MQ16FCは16:10・1920×1200。MQ16AHは16:9・1920×1080です。
新型では縦に120ピクセル増え、総画素数は約11%広がりました。Excelの行、Webページ、タイムライン、チャットを少し多く表示できるため、出張先でもスクロール回数を減らしたい人にはMQ16FCがおすすめです。
ただし、写真や映像の色確認を優先するなら、DCI-P3 100%、HDR10、HDR時最大400cd/㎡をうたうMQ16AHも見逃せません。本体も旧型のほうが約30g軽量です。

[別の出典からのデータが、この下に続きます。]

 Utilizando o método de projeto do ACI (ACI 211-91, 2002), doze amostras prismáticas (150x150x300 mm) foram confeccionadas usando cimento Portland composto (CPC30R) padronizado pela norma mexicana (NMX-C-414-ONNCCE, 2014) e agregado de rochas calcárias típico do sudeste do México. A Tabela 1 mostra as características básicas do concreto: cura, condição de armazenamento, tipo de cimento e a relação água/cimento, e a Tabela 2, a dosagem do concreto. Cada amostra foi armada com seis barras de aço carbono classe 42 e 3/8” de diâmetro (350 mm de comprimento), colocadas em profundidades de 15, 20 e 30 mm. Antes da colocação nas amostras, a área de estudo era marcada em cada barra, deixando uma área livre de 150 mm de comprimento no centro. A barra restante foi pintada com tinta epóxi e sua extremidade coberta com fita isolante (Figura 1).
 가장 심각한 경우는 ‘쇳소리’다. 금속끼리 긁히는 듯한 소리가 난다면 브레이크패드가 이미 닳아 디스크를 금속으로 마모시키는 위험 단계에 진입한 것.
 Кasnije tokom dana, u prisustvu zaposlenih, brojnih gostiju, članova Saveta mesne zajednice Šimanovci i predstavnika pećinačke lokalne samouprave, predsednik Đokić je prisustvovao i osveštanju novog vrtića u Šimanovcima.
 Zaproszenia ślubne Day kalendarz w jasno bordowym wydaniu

本記事では、画面比率、色域、明るさ、USB-C給電、持ち運びやすさ、焼き付き対策まで比較します。どちらを選べば外出先の仕事が止まりにくいか、作業内容から判断できるように整理しました。
※本記事には広告リンクが含まれます。価格、在庫、付属品は変わる場合があるため、購入前に商品ページで確認してください。

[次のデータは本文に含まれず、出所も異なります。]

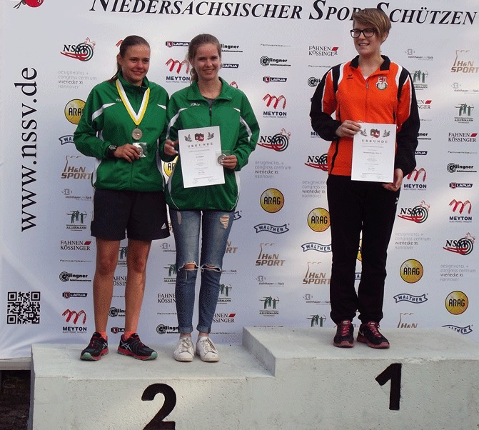 Am letzten Wettkampftag der Landesverbandsmeisterschaften 2017 im Sportschießen in Hannover brachte nochmals Silber und Bronze für die Rohdener Juniorinnen mit dem Kleinkalibergewehr im Liegendkampf. Für die Mannschaft schossen Lea Wichmann, Dunja Desiree Pluschke und Nina Kruse. Mit 1701 Ringe kam das Team hinter der Braunschweiger SGes II (1731 Ringe) ins Ziel. Zehn Ringe dahinter SchV Wolterdingen.
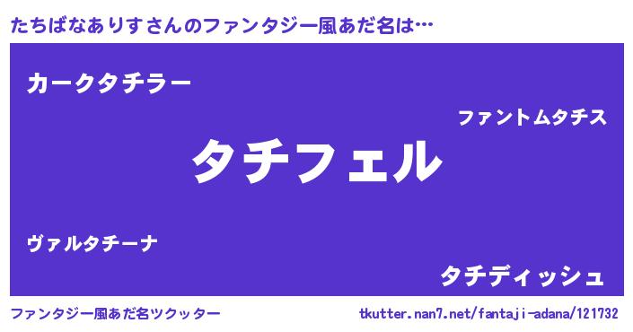 | ツイッター | たちばなありすさんのツイッターID『kikurage_man』 |
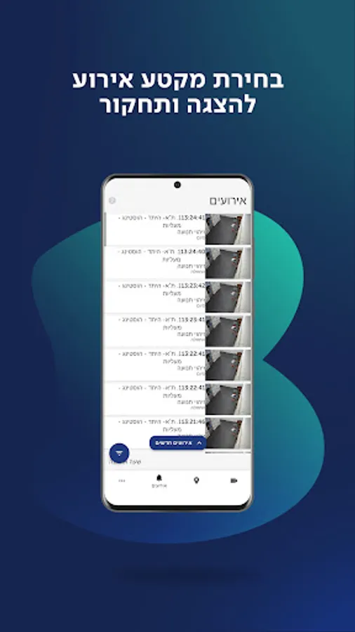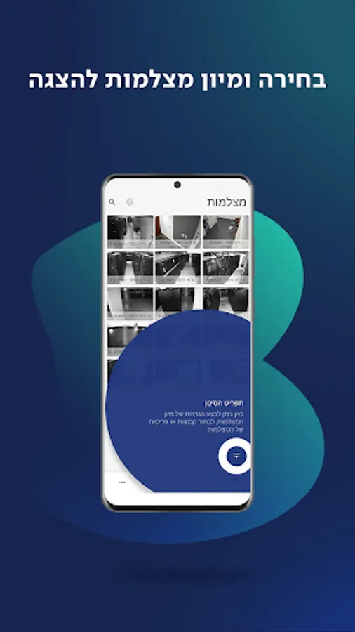 • האפליקציה מאפשרת צפייה בכל מצלמה המקושרת לשירות ברמת סניף, אתר או עיר
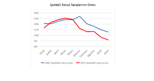 2023 yılında konut satışlarında bir önceki yıla kıyasla kaydedilen genel düşüş eğiliminin en belirgin olduğu kalem ipotekli konut satışları oldu. Ülke çapında 2023 Ocak-Ekim döneminde 166 bin 461 adet ipotekli konut satışı gerçekleşti. 2022’nin aynı döneminde 241 bin 869 kredili satış kaydedilmişti; bu da kredili satışlarda bir yılda yüzde 31’lik bir gerilemenin yaşandığını gösteriyor. 2023 Ocak – Ekim döneminde kredili konut satışları toplam satışların %17’sini oluşturdu, bu oran, 2022’nin aynı döneminde %21 idi.
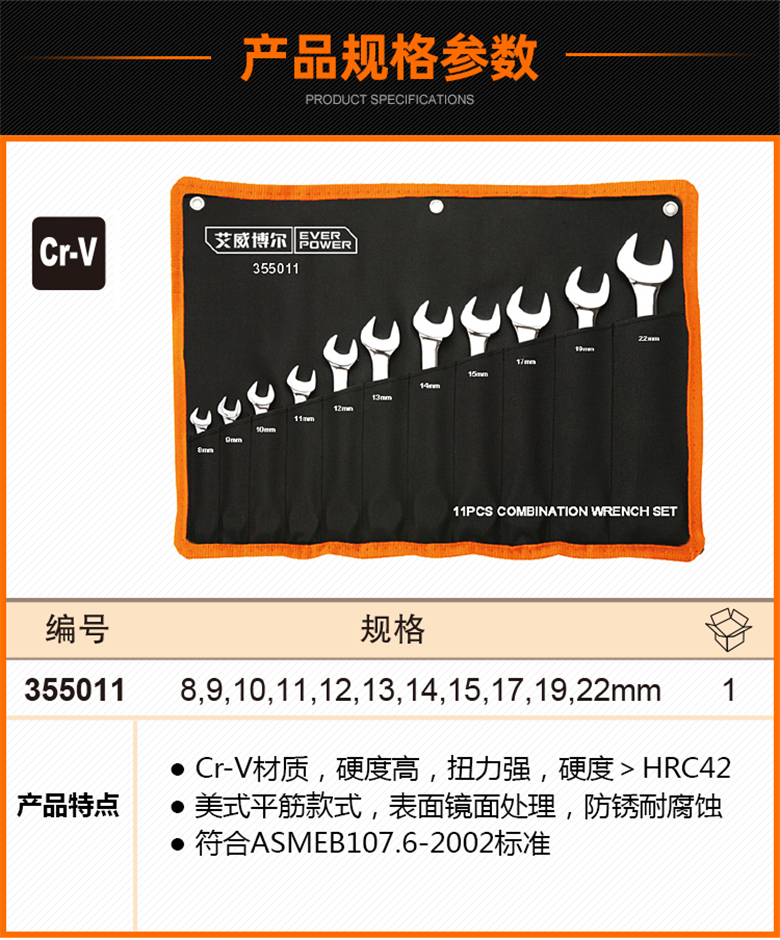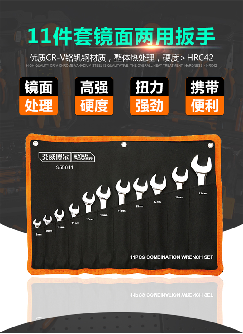艾威博尔( EVER POWER) 355011 11件套镜面两用扳手 【预计13天出货】

先に結論:資料作成はMQ16FC、色と軽さならMQ16AH
MQ16FCとMQ16AHの選び方は、持ち運ぶ目的で決まります。
| 主な使い方 | おすすめ | 理由 |
|---|---|---|
| Excel・資料作成・Web閲覧 | MQ16FC | 16:10で縦の作業領域が広い |
| コード・文章・チャット | MQ16FC | 120ピクセル多く表示できる |
| ノートPCへ給電しながら使う | MQ16FC | 最大65Wのパススルー充電に対応 |
| 写真・映像の色確認 | MQ16AH | DCI-P3 100%、HDR10を明記 |
| 映画を画面いっぱいに表示 | MQ16AH | 16:9映像と同じ比率 |
| 荷物を1gでも減らしたい | MQ16AH | 約650gで新型より約30g軽い |
| 離席時の焼き付き対策を重視 | MQ16AH | 近接センサーを搭載 |
仕事用として今から選ぶなら、MQ16FCがおすすめです。
16:10は派手な変化ではありませんが、ツールバーやタスクバーを表示したまま本文を広く使えます。カフェやホテルでノートPCと並べたとき、スクロールを減らせる差として毎日効いてきます。

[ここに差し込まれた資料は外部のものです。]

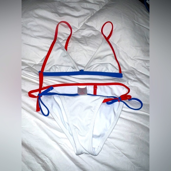 Red white and blue bikini said both top and bottom are a size small
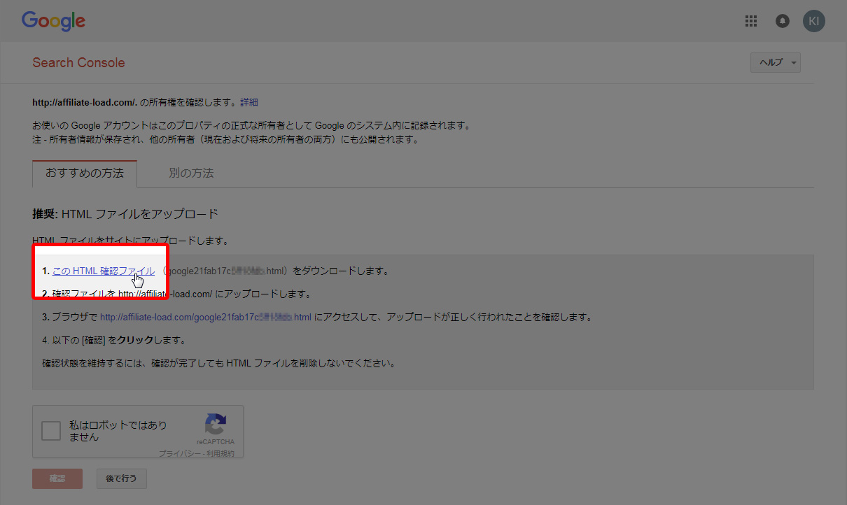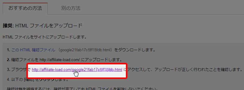 これでGoogle検索エンジンに、そのサイトの所有者であるという事を伝える準備ができたので、『3』のURLをクリックします。
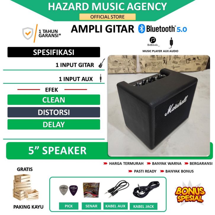 [Mall] Ampli Gitar Listrik / Ampli Gitar Dan Ampli Bass 5 Inch Marshall 2 Input Plus Efek Distorsi & Aux Termurah
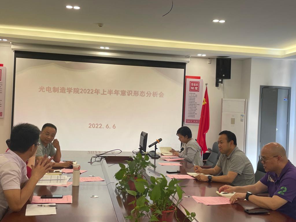 6月6日下午,光电制造学院党总支召开2022年上半年意识形态分析会,传达上级会议、文件精神,研究部署学院近半年来的意识形态重点工作。全体党总支委员参加,会议由党总支书记骆毅主持。
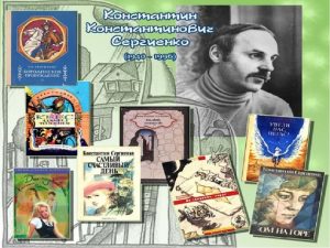 В библиотеке прошло мероприятие посвящённое юбилейной дате автора. Присутствующим было рассказано о жизни и творческом пути Константина Константиновича Сергиенко. Говорили о том что он окончил редакционно-издательское отделение факультета журналистики Московского государственного университета (1967). Владел немецким, французским, английским языками. Сотрудничал с исторической редакцией издательства «Детская литература», издательством «Молодая гвардия». Автор книг для детей и юношества, ряд из которых посвящены историческим темам. Основные произведения: «Кеес Адмирал Тюльпанов», «Бородинское пробуждение», «До свиданья, овраг», «Дом на горе», «Ксения», «Увези нас, Пегас!», «Картонное сердце», «Белый рондель», «Дни поздней осени», «Самый счастливый день».
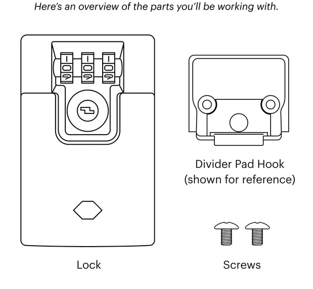 - Remove the divider pad hook and set it aside. Separate the lock away from the exterior of the luggage shell. You can discard the broken lock.
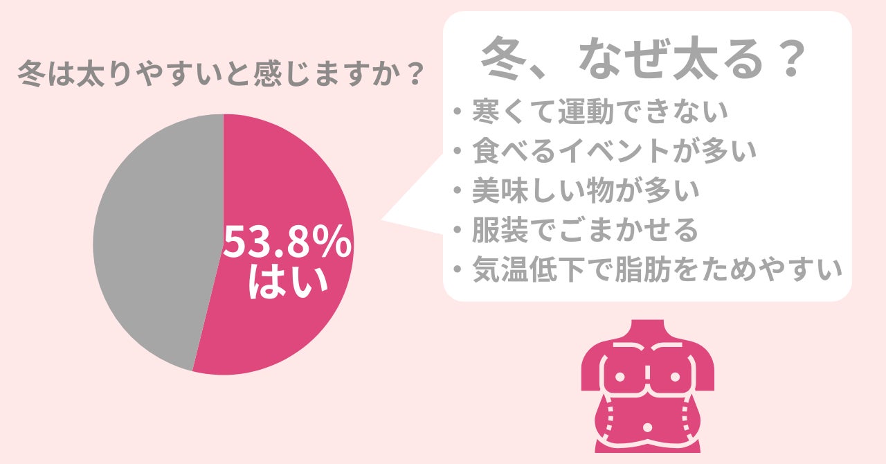 このような原因から、53.8%の女性が「冬は太りやすい」と感じるのかもしれません。
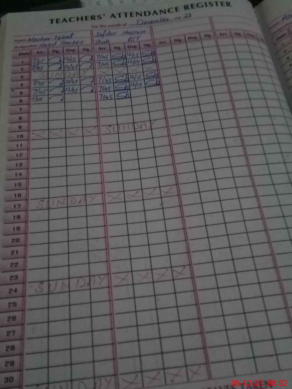 | Name: MA**** IQ**** Designation: (School Headmaster's/Headmistress's) PST Phone/Cell Number: 03**** |
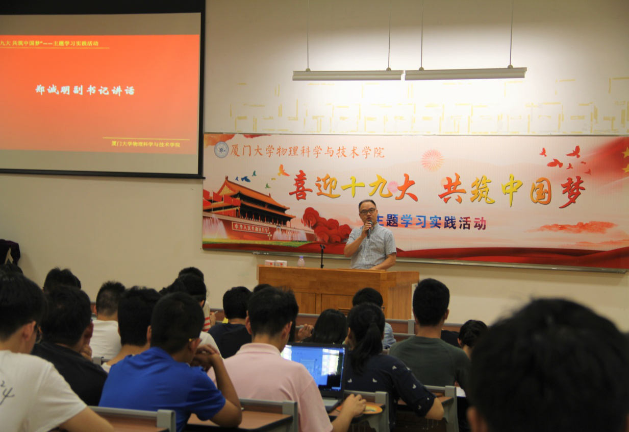 10月13日晚19:00,物理科学与技术学院本科生“喜迎党的十九大,共筑中国梦”主题学习实践活动在物理大楼117报告厅举行。世界杯(中国)党委副书记郑诚明老师、团委副书记陈洪老师、辅导员邱丹文老师以及2015级、2017级全体同学参加了此次学习活动。
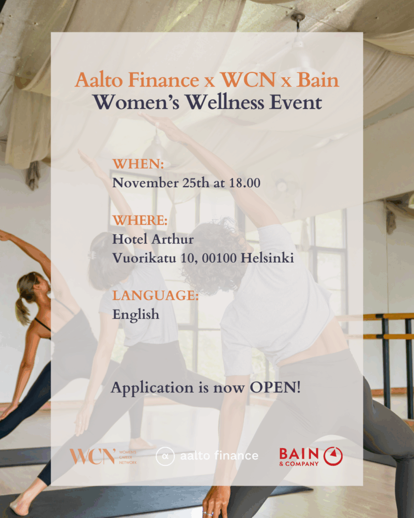 Looking to recharge and expand your network? You are warmly invited to Aalto Finance’s first-ever Women’s Wellness Event, created together with Women’s Career Network and Bain. This is an easygoing event for those who identify as women in business, tech, and law who want to explore what a career in consulting can look like.
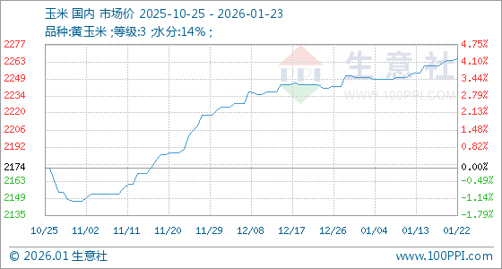 1月23日,生意社玉米基准价为2265.71元/吨,与本月初(2250.00元/吨)相比,上涨了0.70%。
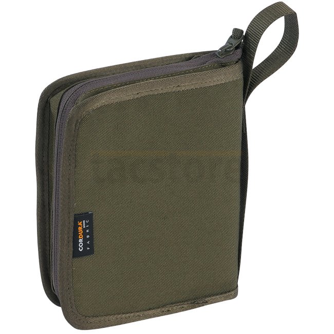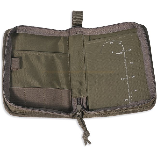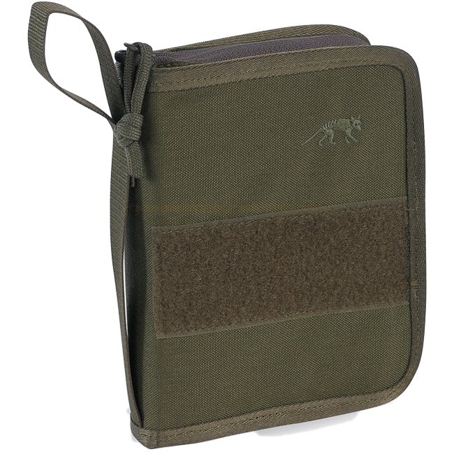 Carnet de terrain tactique Tasmanian Tiger en Olive, un classeur de bloc-notes compact de taille DIN A6 conçu comme un livre de tireur d'élite. Comprend une boucle pour la main, un compartiment pour bloc-notes DIN A6, et un compartiment pour carte SD.

色編集が中心なら、公式仕様上の色域とHDR性能はMQ16AHが上です。新型という理由だけで買い替える必要はありません。
MQ16FCとMQ16AHの違いを比較表で確認
MQ16FCのASUS公式仕様とMQ16AHのASUS公式仕様をもとに、主な違いをまとめました。
| 比較項目 | MQ16FC | MQ16AH |
|---|---|---|
| 発売時期 | 2026年7月 | 2022年 |
| パネル | OLED・グレア | OLED・グレア |
| 画面サイズ | 16型 | 15.6型 |
| アスペクト比 | 16:10 | 16:9 |
| 解像度 | 1920×1200 | 1920×1080 |
| 表示領域 | 344.448×215.28mm | 約344.21×193.62mm |
| DCI-P3 | 95% | 100% |
| 色精度 | ΔE<2 | ΔE<2 |
| 表示色 | 約1,670万色 | 約10億7,370万色 |
| 最大輝度 | 300cd/㎡ | 360cd/㎡、HDR時400cd/㎡ |
| コントラスト比 | 100,000:1 | 100,000:1 |
| HDR | 公式仕様にHDR最大コントラストの記載 | HDR10 |
| 応答速度 | 1ms | 1ms |
| リフレッシュレート | 最大60Hz | 最大60Hz |
| USB-C | 2基、DP Alt Mode | 3基、うち映像入力対応2基 |
| Mini HDMI | 1基 | 1基 |
| パススルー充電 | 最大65W | 公式仕様に同等機能の記載なし |
| 自動回転 | DisplayWidget Centerで対応 | 対応 |
| 焼き付き対策 | ASUS OLED Care | 近接センサー |
| スピーカー | なし | なし |
| 本体重量 | 約680g | 約650g |
| 本体サイズ | 約359×233×9mm | 約358.7×226.15×8.95mm |
| 消費電力 | 使用時4.7W | 使用時15W以下 |
| 保証 | 国内保証の条件を販売ページで確認 | 購入日より2年の国内保証 |
どちらもOLED、応答速度1ms、Mini HDMI、USB-C映像入力、三脚穴、自動回転に対応します。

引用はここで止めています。